Lightfall was a mixed bag for me. Great gameplay and sandbox, story was a letdown. I really hate how Bungo keeps adding the coolest changes to the world that I just get to stare at longingly. No time difference, so I don't get to tack on Caiatl's Cabal or Mithrax's House of Light. Or at least I have to get REALLY creative.
Master-ofmanga - Hey, it sorta kinda counts! It's more Great Value than name brand, but it will evolve. Consider the name added to the list.
22what - Your comment is slightly prophetic. And we'll finally get a smidgen of that sweet sweet character reaction bit. Finally.
H - That is exactly how I figured a shoggoth would be used. Making one is hard as hell, and incredibly dangerous, much like an Ogre. It's exactly the Society's version of the Ogre. As for 21% Delirium. Shhit, you're right, that thing is Arc. From here on I'll correct it, as for editing previous chapters, I might fix it, but there's a high chance I'd fuck something up and mess up the whole damn thing, so maybe not.
Also: Good catch.
Guest - Ozpin: I have some plans for him, and he's certainly going to get called out on his shittier behavior. Corrupted Huntsmen/Huntresses: Oh yea yea. We're getting that. Team RWBY: I'm going to try to keep 'em closer to their portrayal in vol 1-3, minus the more irritating bits.
Guest - Thank ye! I try with the Hive, and boy howdy do they make it easy. They're the kind of messed up that you could chuck them in Warhammer 40k and they'd fit right in without missing a beat.
The Baz - Warlock Athletics | Warlock CrossFit
Eh, Midnight Coup is all the hand cannon anyone needs.

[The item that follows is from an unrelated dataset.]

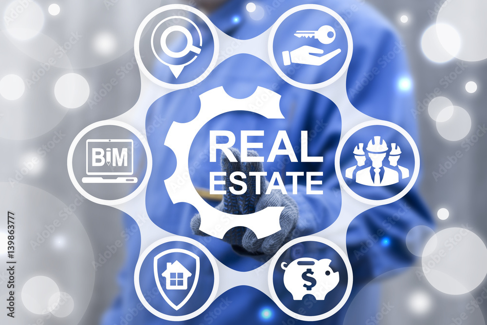 Property business service concept. Man touched real estate gear word icon on virtual screen. Building house, BIM, home for sale. Apartment renovation. Architecture, designing build technology

Still, he REALLY needs to get some heavy weapons moving forward.
Vitilig0 - Yes. And eventually they'll believe him too!
Schmidget - Salem's not gonna be happy once certain elements kick off. She's probably going to be a background element, but that could change. The further out story beats are still a bit fluid. As for the Witness, hell no it ain't popping in here, not in any real capacity at least (there will be mentions and such, it's too important to not at least include there. There isn't a damn thing on Remnant that could stand a snowball's chance in hell against that.
Toaster On Main - No problem, here ye be:
Prodigal Hood helmet - Tidal Hope Shader
Wing Theorem Gauntlets - Skele-Ghaul Shader (to dab on the Red Region of course)

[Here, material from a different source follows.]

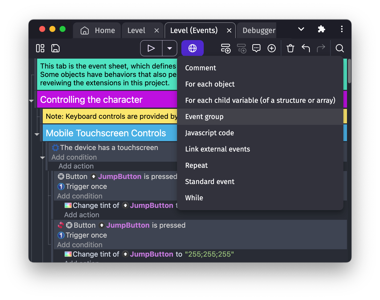 You can add an Event Group by selecting this option in the drop-down menu shown when you click the + button in the Events Sheet toolbar:

Duster of the Cormorant Blade - Refurbished Black Armory Shader
Wildwood Boots - Warbrick Shader
Hakke's Personal Bond - Dark iron with a gray nylon strip in the middle.

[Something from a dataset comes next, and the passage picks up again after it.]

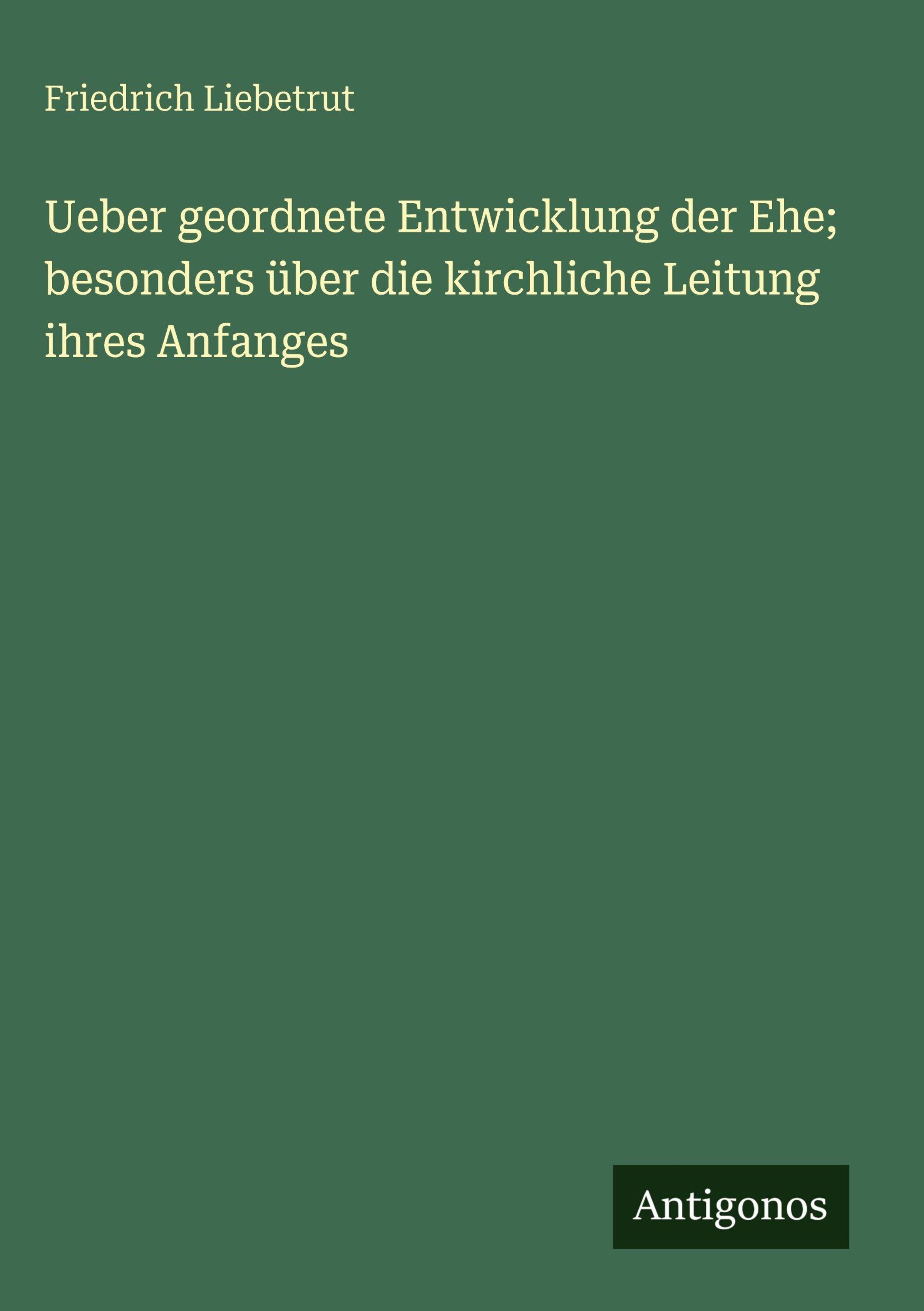Friedrich Liebetrut: Ueber geordnete Entwicklung der Ehe; besonders über die kirchliche Leitung ihres Anfanges, Gebunden

Prometheus-23 - This came about as I was talking to a buddy, actually. Goes to show that having someone to bounce ideas off can help tremendously.
jordanlink7856 - Thank you very much!
anonymous - And a might thank you to you as well! Glad you enjoy it.
Crazzytony - Glad you're liking it! Hakke's Goodwitch troubles are far from over.
reggielacey2 - Stasis and Strand are at best a hell of a way out, Hakke got chucked to Remnant before he could exploit those tools. Eh, there's enough Hunter stories out there I figure, and Warlock scratches the particular power fantasy itch I go for. Personal preference and all that.
Tristen343 - Aint dead yet, don't fret. There's a paracausal wall Hakke has dubbed 'The Barrier' keeping the majority of his Light powers from manifesting. He's made some progress chipping at it. It's also a very large plot point further down the line, its purpose is far greater than nerfing the MC.
Light/Dark Semblances. While I'd argue Semblances have paracausal properties, they're minor compared to the more insane shit Guardians, Ahamcara, or any of the more powerful Gods/Disciples/Vex/Mysterious-horrors-beyond-mortal-comprehension can muster.
Guest - A story using the elements you're talking about could be interesting, but I don't think I'm the guy to do it. Adding elements from W40K, Star Wars, and Kingdom Hearts would fry my brain.
starflatinum999 - Essentially.
BraveSeeker3 - You chose a good time to stumble on this, then. Although this too, ends in a cliffhanger. Figure this evens out.